Expensive stackoverflow community:
Given some text, I want to get the TOP-50 of the most frequently occurring words in the text and create a tag cloud from it, and thus show the essence of what the text is about in graphical form.
text is a collection of 100 or so comments. Each element (image) contains about 120 elements, and I also want the cloud to be updated - keeping comments indexed, and using the cloud generation code to run each time a new web request appears.
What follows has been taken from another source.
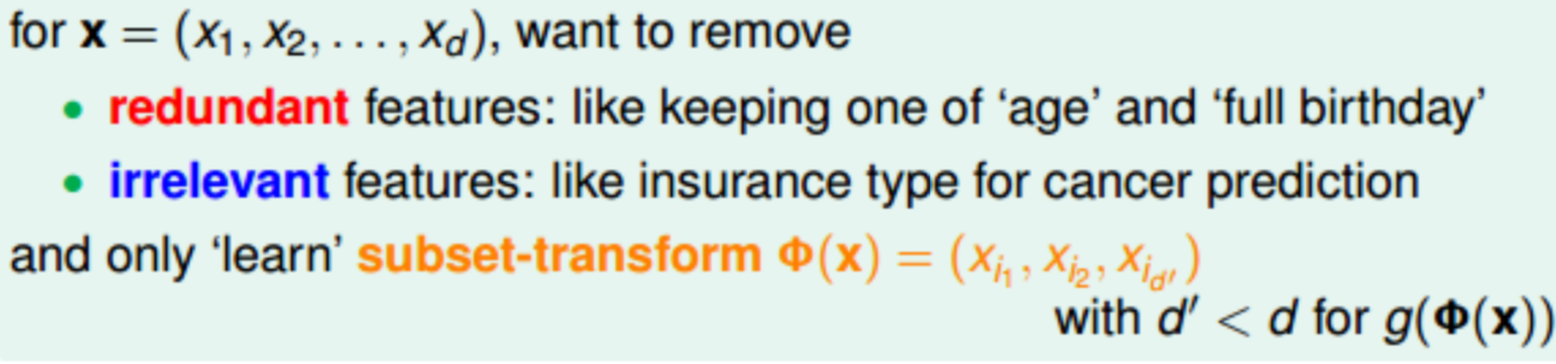 如果样本数据特征过多,假如有10000个特征,而我们只想从中选取300个特征,这时候就需要舍弃部分特征。通常来说,需要移除的特征分为两类:一类是冗余特征,即 特征出现重复,例如“年龄”和“生日”;另一类是不相关特征,例如疾病预测的时候引入的“保险状况”。这种从d维特征到d'维特征的subset-transform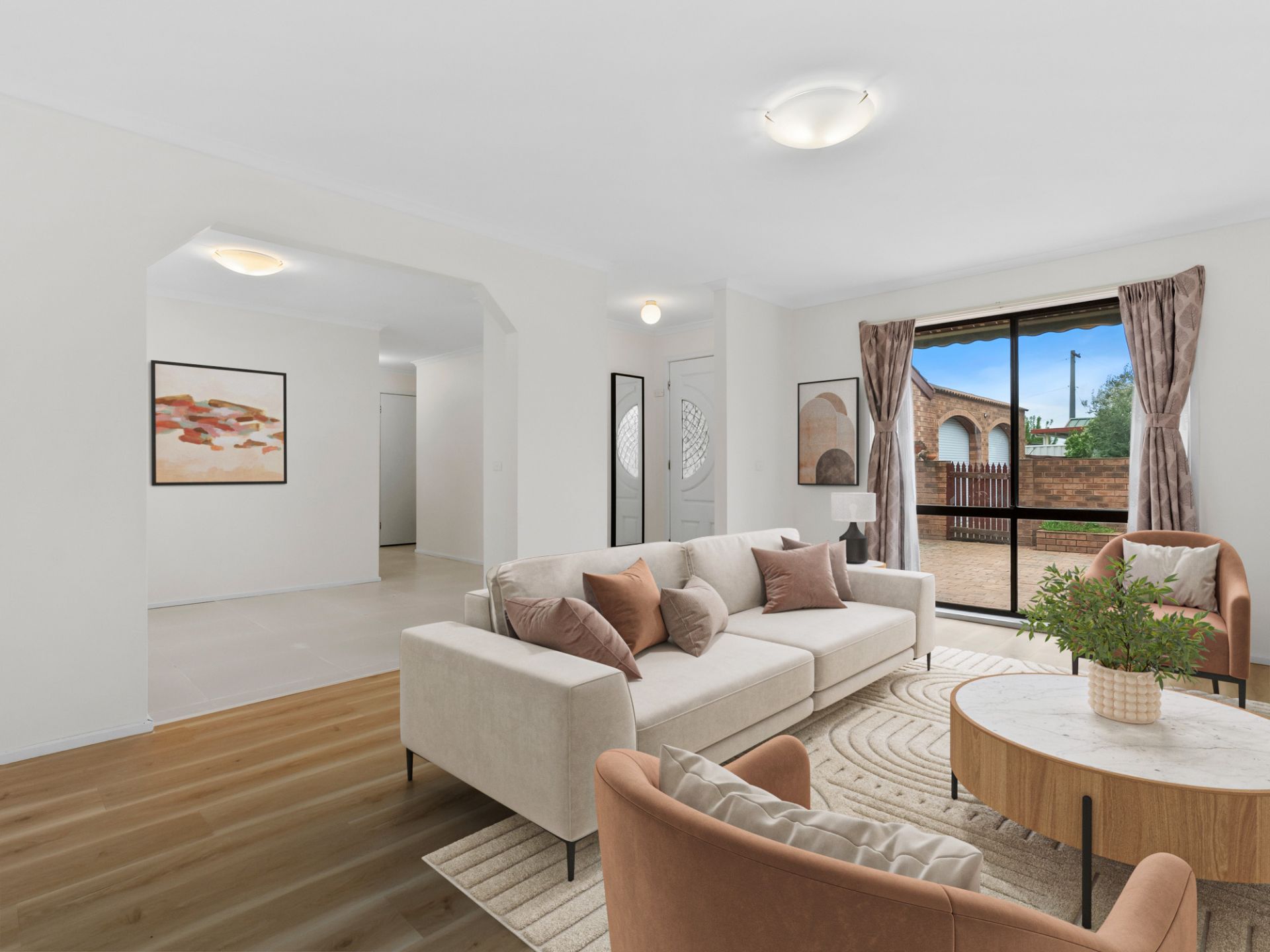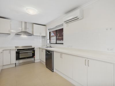 Step inside to be greeted by a fresh, light-filled interior featuring new paint and flooring throughout. The heart of the home is the open-plan living and dining area, which flows seamlessly to the updated kitchen. Here, you'll find a stunning stone benchtop, quality appliances, and ample storage, making meal preparation a joy.

I decided to use Solr to index the text and now I am wondering how to get the TOP 50 words from the Solr TermsVectorComponant . The following is an example of the results returned by the term vector componentant after you turn on the frequency of the term by saying tv.tf="true" :
<lst name="doc-5"> <str name="uniqueKey">MA147LL/A</str> <lst name="includes"> <lst name="cabl"><tf>5</tf></lst> <lst name="earbud"><tf>3</tf></lst> <lst name="headphon"><tf>10</tf></lst> <lst name="usb"><tf>11</tf></lst> </lst> </lst> <lst name="doc-9"> <str name="uniqueKey">3007WFP</str> <lst name="includes"> <lst name="cabl"><tf>5</tf></lst> <lst name="usb"><tf>4</tf></lst> </lst> </lst>
As you can see, I have 2 problems:
- I get all the conditions inside the document for this field, and not just for 100
- And they are not sorted by frequency, so I have to get the conditions and sort them in memory to do what I'm trying to do.
Is there a better way? (or) Can I tell the solr termvector component to somehow sort it and pick only 100 for me? (or) Is there any other framework I can use? I need new comments to be indexed as they appear, so the tag cloud is always out of date. As for the cloud generator, it takes a dictionary of weighted words and makes it enjoyable.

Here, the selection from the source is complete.